その後弾丸の装填の仕方を教えて貰いいよいよ射撃するということになった時だった。後ろで見ていた母さんが急に口を開いた。
「ねぇ先生、最初にお手本を見せて頂けませんか? 」
僕とルカ先生は同時に母さんの方を振り返った。なんだよ! 母さん余計な口を挟むなよ! と僕は思ったが母さんの表情を見て一瞬驚いた。笑顔で取り繕っているが母さんの目は鋭く全く笑っていないのだ! 僕はその表情の奥にルカ先生がライフル銃の教官としての十分な能力を持っているのかを確かめようとする母さんの意思を感じた。ルカ先生も自分を試そうとする母さんの気持ちに気付いてムッとしたのかもしれない。その場は一瞬沈黙となった。
「勿論です! お見せしますよ! 」
ワンテンポ置いてルカ先生はニッコリとした笑顔を浮かべてそう返事をした。そのやりとりを見て僕は「女という生き物って実はとんでもなく恐ろしい生き物かもしれない……」と思った。
「では見ていて下さいね。凄い音がしますから両耳は押さえておいて下さい。」
そう言ってルカ先生は僕からライフル銃を受け取り的に向かって構えた。スラッと伸びた手足、均整の取れたプロポーション、的を睨みつける端正な顔立ち。その姿はとてつもなく綺麗で写真でも撮ってポスターにしたいぐらいだった。だが次の瞬間!
「ドン! 」
大きな音がして僕は一瞬目を瞑ってしまった。耳を押さえていても突き刺さる程の音量に驚いてしまったのだ。
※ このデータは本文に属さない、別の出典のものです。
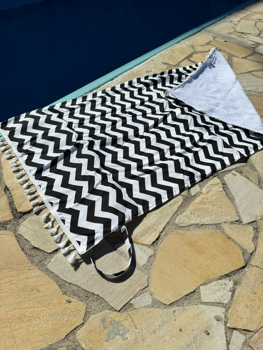 Toalha Canga Dupla Face com Tecido Impermeável Belize Chevron Preto

だが次の瞬間目を開けると的のど真ん中に穴が空いていた。ルカ先生は僕と母さんを見るとニッコリと微笑んだ。
「こんな感じです。如何ですか? 」
そう勝ち誇ったように言うルカ先生に母さんはもう何も言えなかった。僕はルカ先生の見事な腕前に只々拍手を送るばかりだった。